• _Provided material_
★ ★ ★

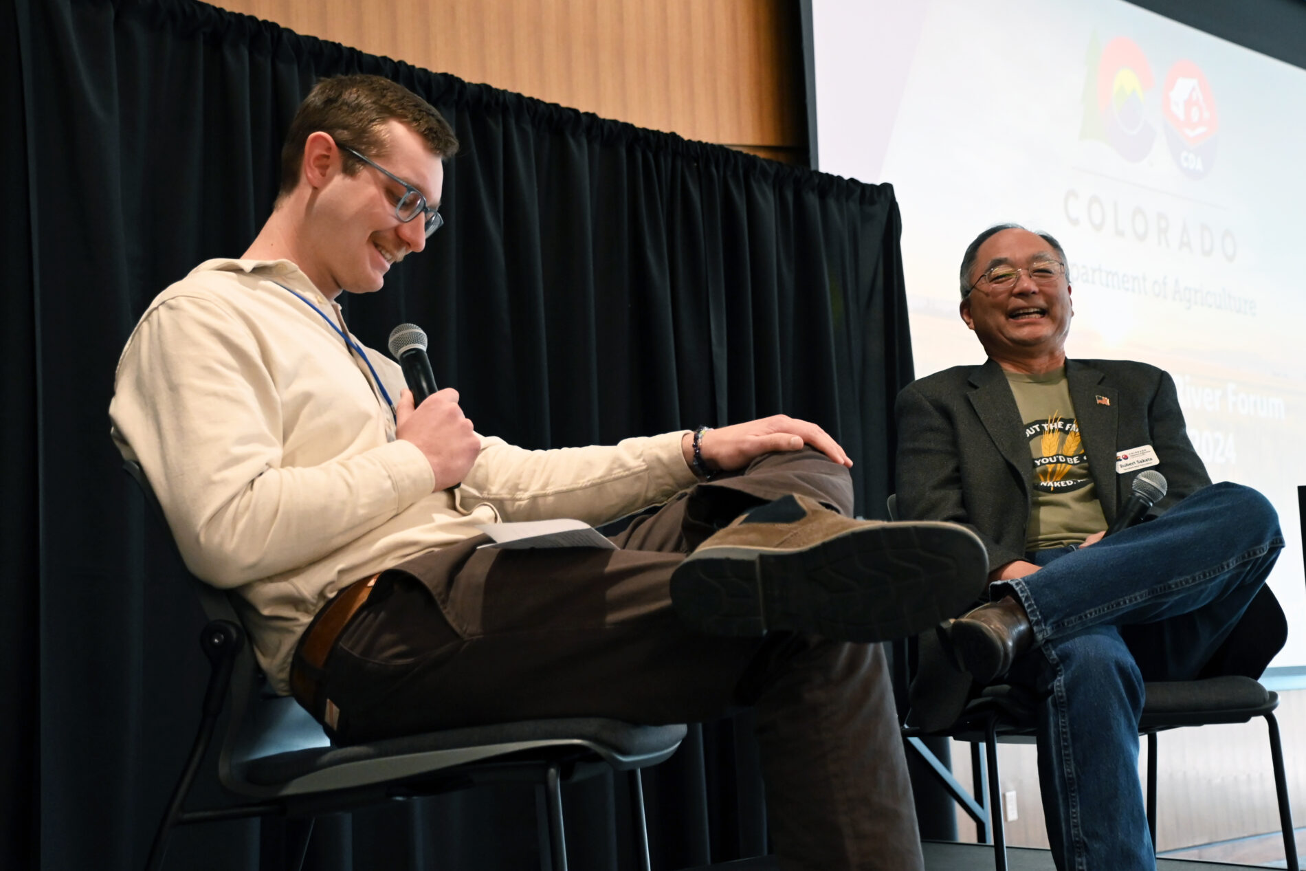 Sabrina Stoker, Executive Director of the Cache la Poudre River National Heritage Area and Zac Thode, Moderator and Owner of Lehi Ranch at The Forks
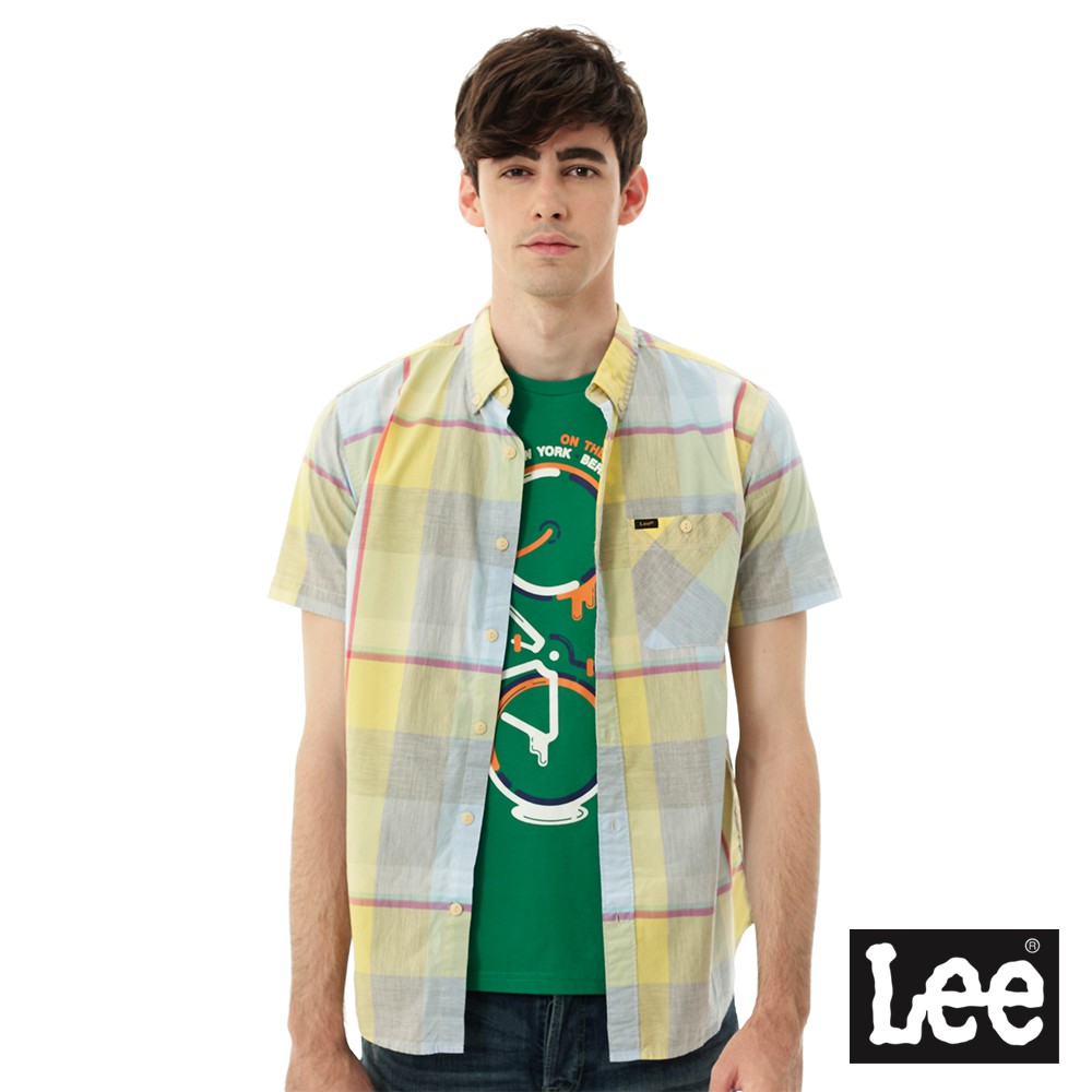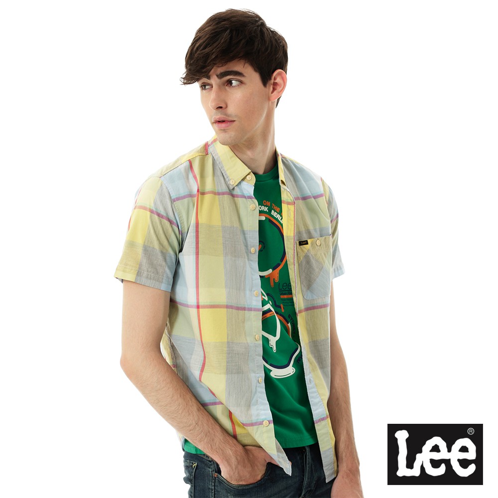 Lee 格紋短袖襯衫 男 黃 Modern 150128S93
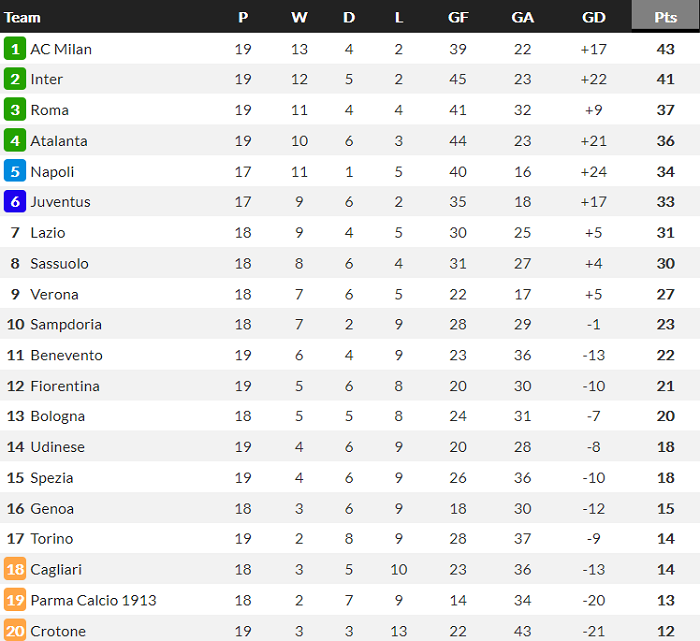 Bảng xếp hạng Serie A 2020/21 mới nhất
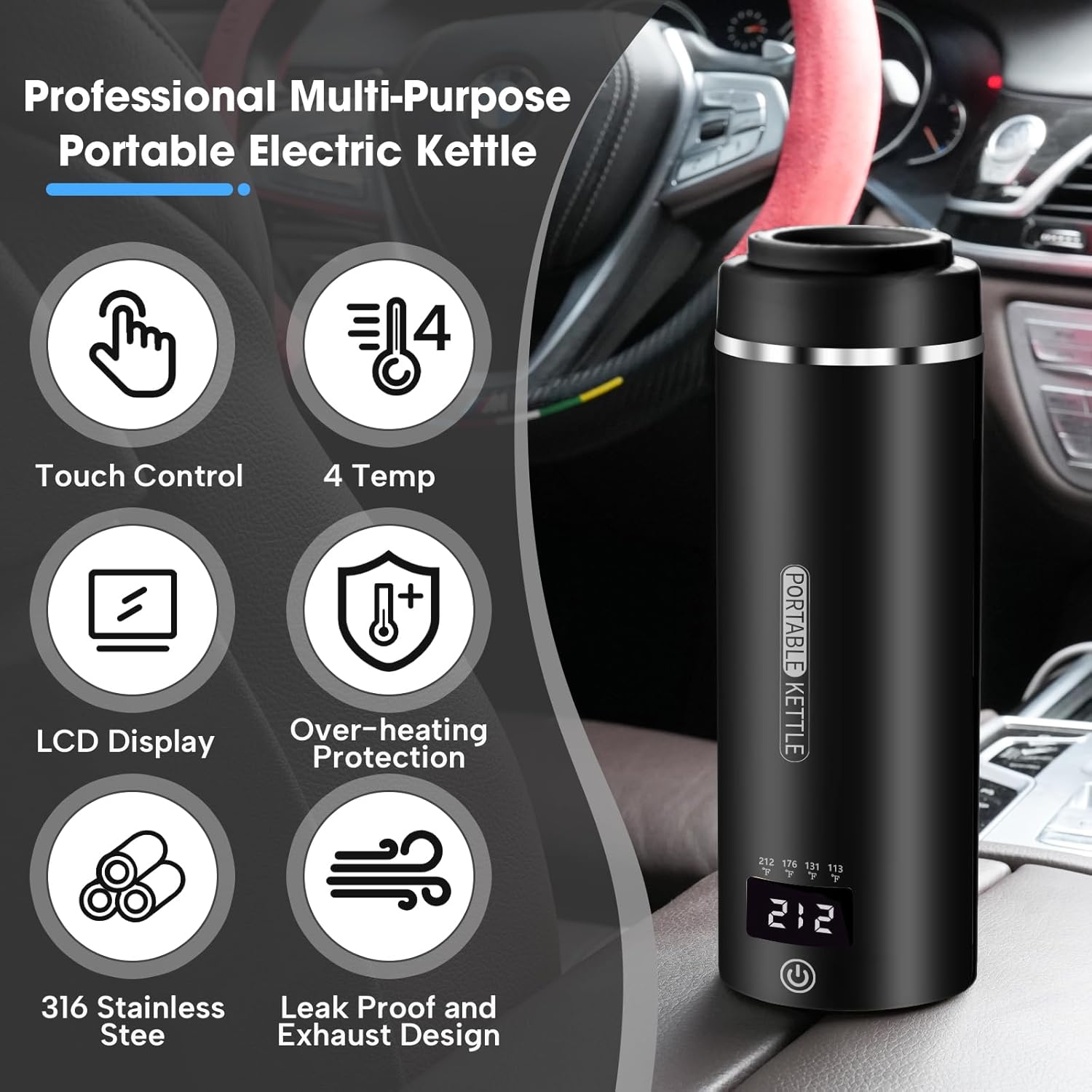 12V Travel Electric Kettle for Car Portable Small Mini Tea Coffee Kettle Water Boiler, Water Heater with 4 Temperature Control (Black)

★ ★ ★

• _Exercise details_
None of the pictures should be kept; reproduce all the remaining material exactly.

• _Answer to this exercise_
 Sabrina Stoker, Executive Director of the Cache la Poudre River National Heritage Area and Zac Thode, Moderator and Owner of Lehi Ranch at The Forks
 Lee 格紋短袖襯衫 男 黃 Modern 150128S93
 Bảng xếp hạng Serie A 2020/21 mới nhất
 12V Travel Electric Kettle for Car Portable Small Mini Tea Coffee Kettle Water Boiler, Water Heater with 4 Temperature Control (Black)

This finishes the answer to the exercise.